• News
  • 17 May 2022

The Research and Development Tax Incentive (“R&DTI”) offers tax offsets for entities conducting eligible research and development (“R&D”) activities. Changes to the R&DTI scheme from 1 July 2021 raises questions on the accounting for these incentives.   

Accounting for R&DTI before 1 July 2021

The accounting treatment varied on whether the tax offset was a refundable or non-refundable tax offset.  Deciding if it was refundable or not depended on the entity’s annual aggregated turnover. 

An entity was entitled to a 43.5% refundable tax offset for its eligible R&D expenditure if its aggregated turnover was equal to or less than $20 million.  Entitlement to the tax offset was not based on the entity’s taxable profit or income tax liability.  

Consequently, the offset did not form part of ‘income tax’, which for the purpose of AASB 112 ‘include all domestic and foreign taxes which are based on taxable profits’. Rather, these amounts were a form of government grant because they represent government assistance that are not ‘available in determining taxable profit or tax loss, or are determined or limited on the basis of income tax liability’. 

In other words, the claimant was receiving assistance from the government in the form of a refundable tax offset in return for compliance with certain conditions (i.e. eligible R&D expenditure). Therefore, the applicable accounting standard to account for these incentives was AASB 120 Accounting for Government Grants and Disclosure of Government Assistance.

On the other hand, if the entity’s annual aggregated turnover was more than $20 million, a 38.5% non-refundable tax offset applied to eligible R&D expenditure.
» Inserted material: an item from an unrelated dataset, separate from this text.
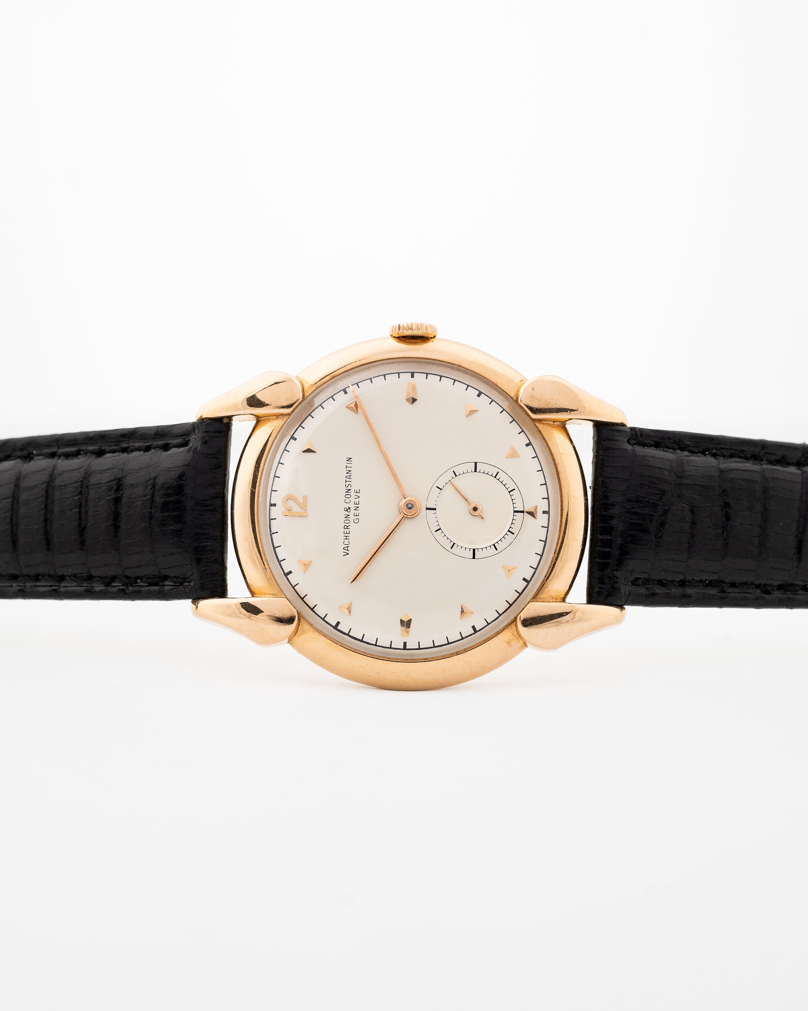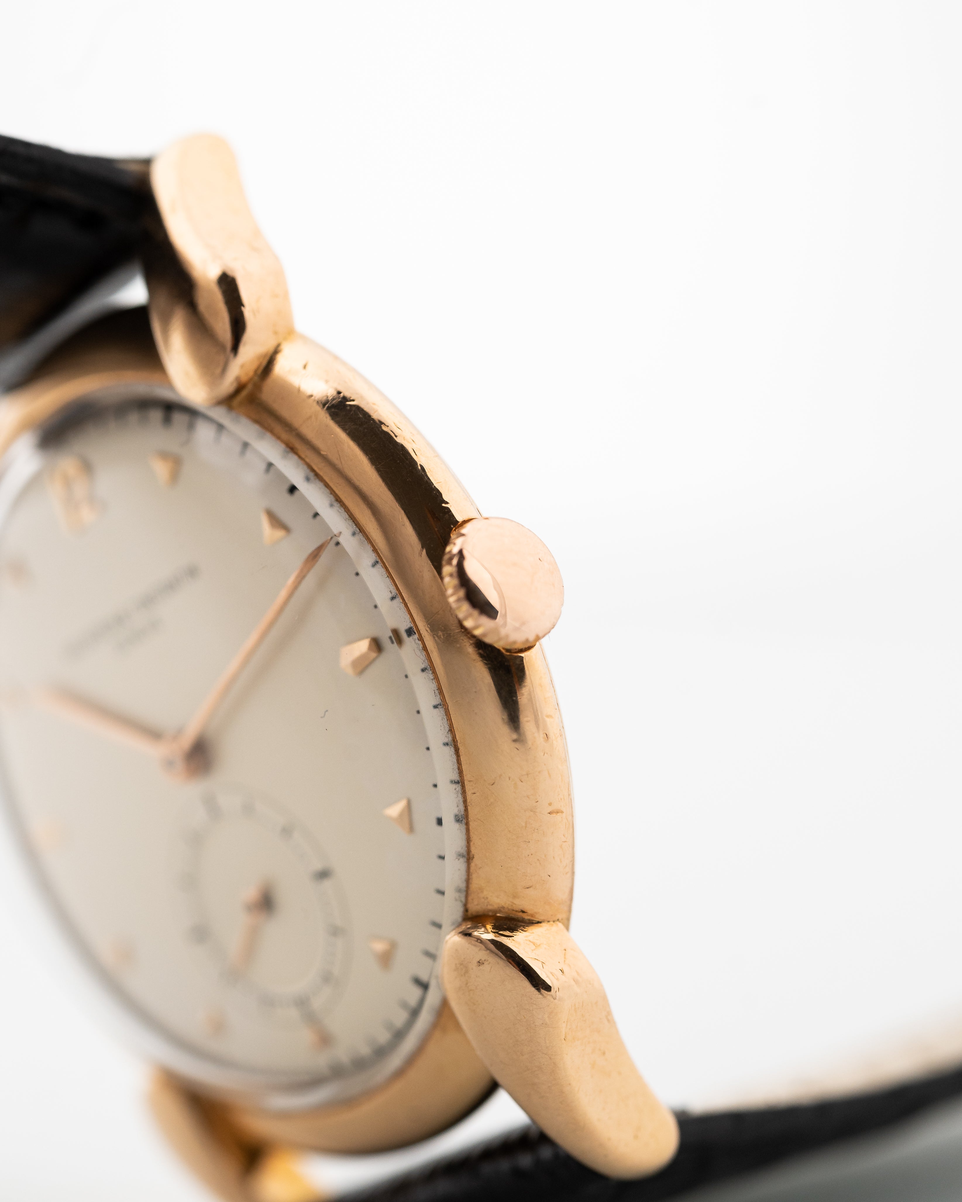 Aquí tenemos un rarísimo reloj de vestir Vacheron Constantin Jumbo de la década de 1940 con un acabado precioso, asas de fantasía únicas y una esfera de diseño asombroso con tantos detalles que es difícil mencionarlos todos.

These incentives could only be used to offset current year income tax payable and unused credits could be carried forward to reduce income tax payable in future financial years. Because these incentives were linked and limited to the entity’s taxable income, these were accounted for as income tax credits under AASB 112 Income Taxes. 

This accounting treatment can be summarised in Diagram 1 below.
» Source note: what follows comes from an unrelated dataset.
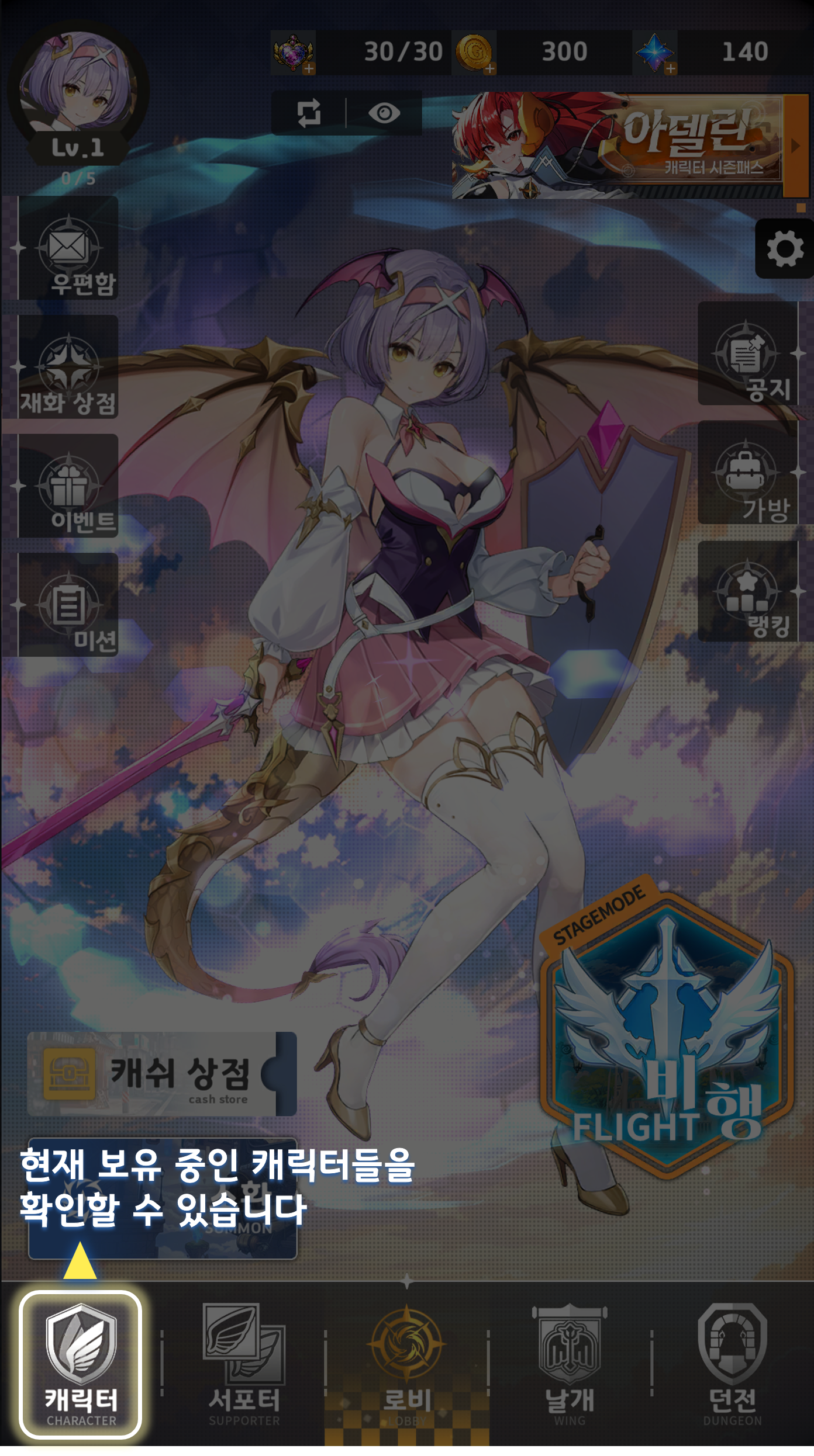 ⯌ 대표 캐릭터 화면

What’s changing from 1 July 2021?

Claiming R&DTI is still dependent on the eligibility of the R&D expenditure as well as the entity’s aggregate annual turnover.

For entities with an annual aggregate turnover of less than $20 million, a refundable tax offset is set at a 18.5% premium to the applicable company tax rate. Hence, a 43.5% refundable tax offset rate will apply for those ‘base rate entities’ eligible for a 25% corporate tax rate. 
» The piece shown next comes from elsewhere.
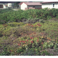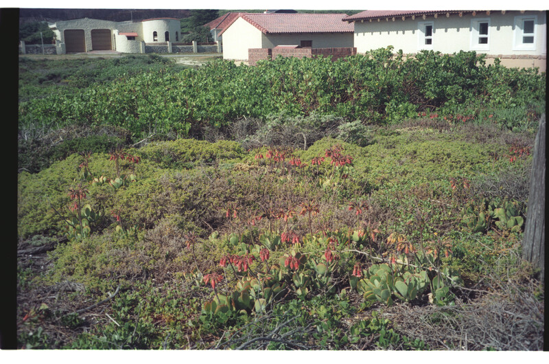 - Fine clusters of Cotyledon orbiculata in undisturbed veld. A mass in Bitou, Chrysanthomoides monolifera in immediate background.
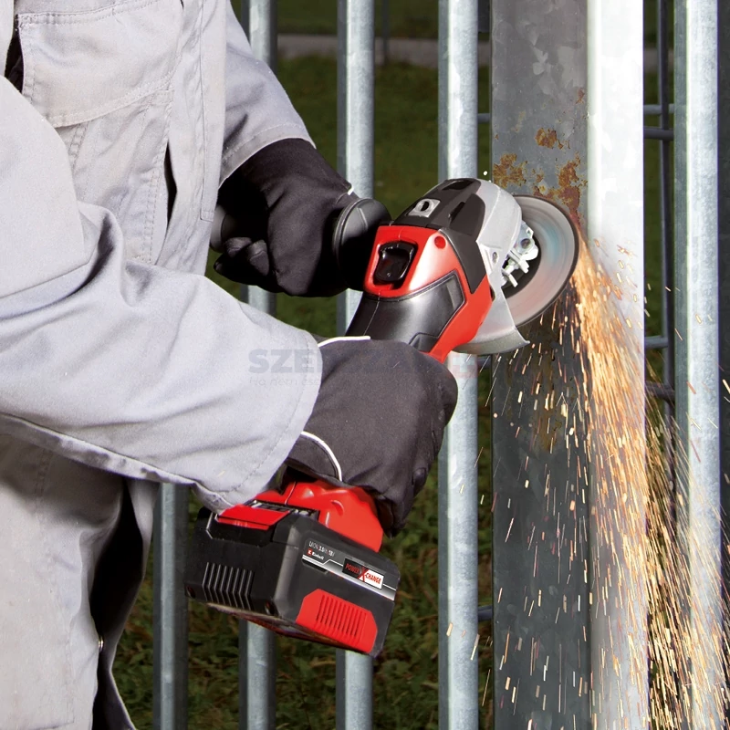 A csiszolásra, vágásra és polírozásra tervezett Einhell TC-AG 18/115 Li akkumulátoros sarokcsiszoló kategóriájának legkönnyebb készüléke. A biztonságról a Softstart (lágyindítás) funkció és újraindulás elleni védelem, a hosszú élettartamról pedig a túlterhelés-védelem, az erős alumínium hajtóműház és a megváltoztatott légelvezetés gondoskodnak. Az egyenletes működést és a kényelmes munkavégzést a motor és a hajtómű szétválasztása, valamint a Softgrip felülettel borított karcsú, ergonomikus készülékház biztosítja. A pótfogantyút három különböző pozícióban szerelheti fel a készülékre.

However, for companies with an annual aggregate turnover of more than $20 million, a key change is the introduction of different R&DTI non-refundable tax offset rates based on the entity’s R&D Intensity. An entity’s R&D Intensity is the percentage of eligible R&D expenditure to its total adjusted expenditure. 

If the R&D Intensity is less than or equal to 2%, the R&DTI is an 8.5% premium over the company’s tax rate.  If the R&D Intensity is more than 2%, the entity will receive a stepped non-refundable tax offset at 8.5% above the company tax rate on R&D expenditure up to 2% R&D Intensity, then an offset at 16.5% above the company tax rate on R&D expenditure that exceeds this 2% R&D Intensity.  The applicable company tax rate is either 25% for a company that is a ‘base rate entity’ or 30% otherwise.  This means that the tax offset can range from 33.5% to 46.5%, depending on the applicable company tax rate and the company’s R&D intensity.

Other changes include what qualifies as eligible R&D expenditure, caps on the total amount of eligible R&D expenditure, and determining total expenses. For more information on all the changes, you should speak with your local Nexia R&D tax advisor. In this article, we are focussed only on the accounting implications for R&DTIs.

How will the R&DTI be accounted for after 1 July 2021?

Refundable tax offsets

An entity’s entitlement to the refundable R&DTI is determined by an entity’s turnover and its eligible R&D expenditure. Entitlement to the refundable tax offset is not based on an entity’s taxable profit or income tax liability. 

Consequently, for the same reasons as above, the offset does not form part of income tax and the R&D tax offset remains out of scope of AASB 112.

Refundable R&D tax offsets should continue to be accounted for under AASB 120. Therefore, the credit is recognised in profit before tax to match the benefit with the costs for which it is intended to compensate. Companies should determine its accounting policies for the presentation of government grant income (i.e. gross basis or net basis) in its financial report.

Non-refundable tax offsets

In contrast to refundable tax offsets, the non-refundable R&DTI adjusts the entity’s current tax payable where annual aggregate turnover is more than $20 million. To the extent that the tax offset exceeds current tax, the entity is not entitled to receive a refund of those excess credits.

Because the amount of the R&DTI offset is determined or limited on the basis of its income tax liability, it is excluded from the scope of AASB 120.  As a result, the non-refundable R&D tax offset should continue to be accounted for under AASB 112.